Background: Surgical site infections are a prevalent cause of nosocomial infections that require antibiotic prophylaxis. Emergence and spread of antimicrobial resistance is a major global public health issue that must be addressed. Eventually, antibiotic prescribing pattern should be examined in order to ensure that antibiotics are used appropriately and that their effectiveness is preserved.
Objective: To evaluate hospital antibiotic prescribing pattern emphasizing on cephalosporins in general surgery specialty using the WHO Access, Watch, and Reserve (AWaRe) classification.
Methodology: A cross-sectional study was carried out in 658 hospitalized patients who received prophylactic antibiotics in general surgery specialty for six months. The data were analysed using the ‘WHO prescribing indicators’ and examined for the WHO ‘AWaRe’ categories. The acquired data was subjected to descriptive statistics.
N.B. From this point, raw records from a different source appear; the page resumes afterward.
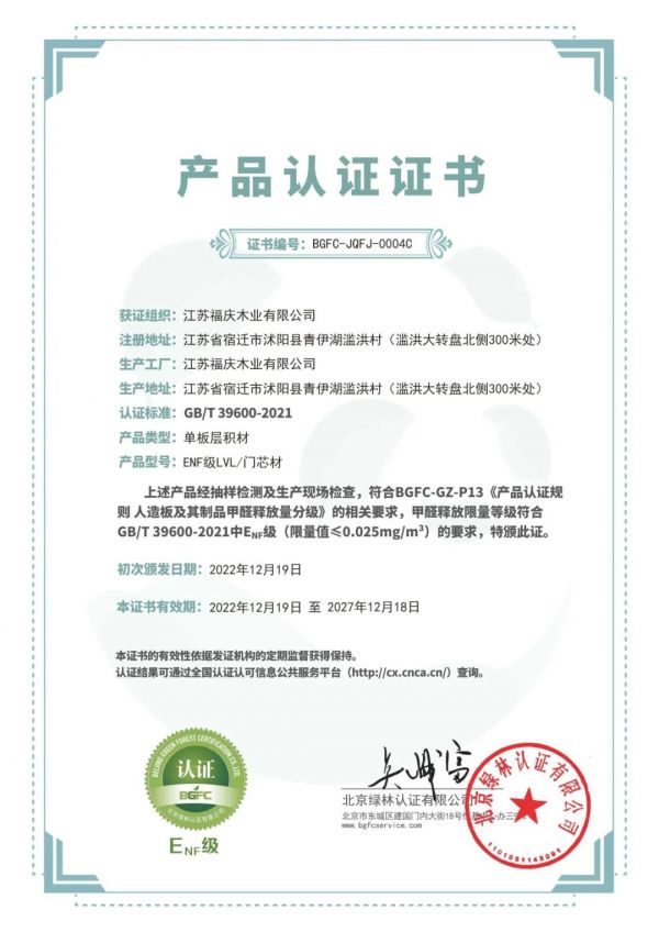 福庆LVL联合1家研究所、3所高校,经过65次工厂测试,18次技术改进,研发出甲醛释放量≤0.025mg/m³的树脂胶黏剂,以绿色环保推动产品升级。
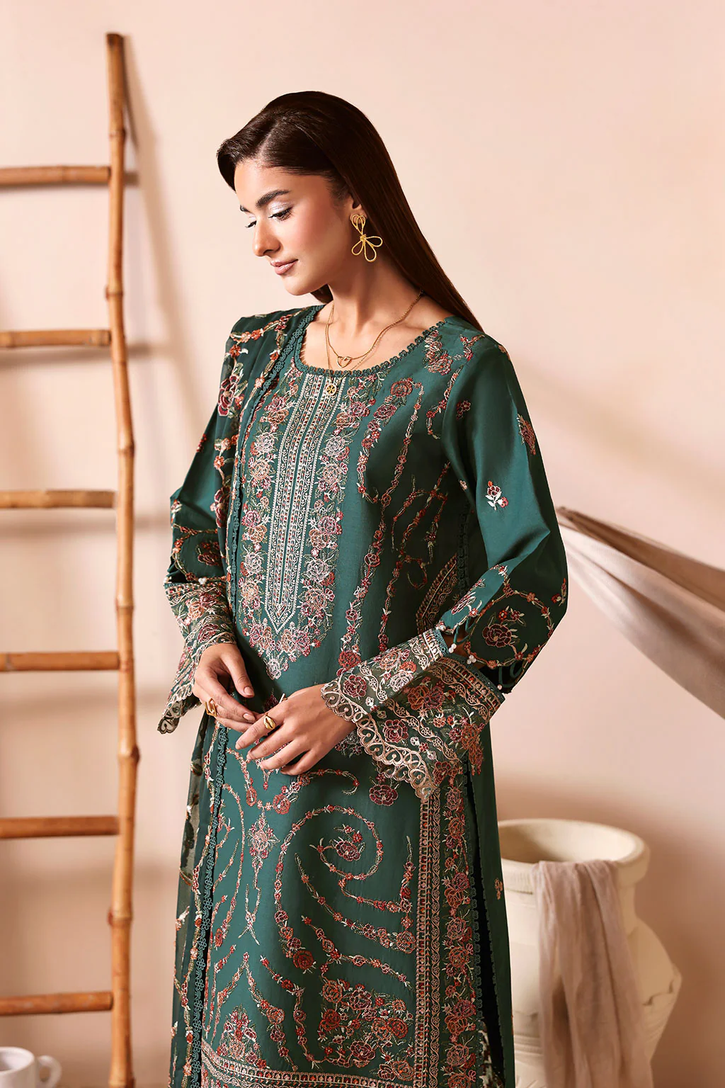 | Front, Back and Sleeves on Embroidered Luxury Lawn |
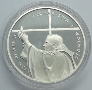 10 zł Jan Paweł II Eucharystia 1997 r. -Srebrna moneta kolekcjonerska NBP - Narodowy Bank Polski z serii Jan Paweł II. Moneta w kapslu ochronnym.

Results: Per encounter, the average number of drugs and antibiotics prescribed were 3.8 and 1.3, respectively. 83.4% encounters were with at least one antibiotic and 94.5% encounters had parenteral antibiotics. 31.3% and 77.8% antibiotics were prescribed by generic name and from the Essential Medicines List, respectively. The most frequently prescribed antibiotics were the third generation cephalosporins (36.8%) wherein ceftriaxone (22.0%) and cefoperazone (7.2%) were the two most commonly prescribed. A total of 14 specific antibiotics, ‘Access’ 5 and ‘Watch’ 9 were prescribed. Based on the WHO AWaRe classification, 42.3% ‘Access’ and 57.7% ‘Watch’ group antibiotics prescribed. All the prescribed cephalosporins (100%) were from the ‘Watch’ category. Amikacin (13.5%) and ceftriaxone (22.0%) were the most commonly prescribed ‘Access’ and ‘Watch’ group antibiotics, respectively. Amoxicillin index was 7.5 and ‘Access-to-Watch’ index was 0.7, which were much below the priority values.
Conclusion: The antibiotic prescription pattern seen in this study did not entirely meet the WHO recommendations. Antibiotics from the ‘Watch’ category, notably cephalosporins, were commonly prescribed. To retain antibiotic effectiveness and encourage rational antibiotic use, as well as to overcome antibiotic resistance, changes and surveillance antibiotics prescribing are required.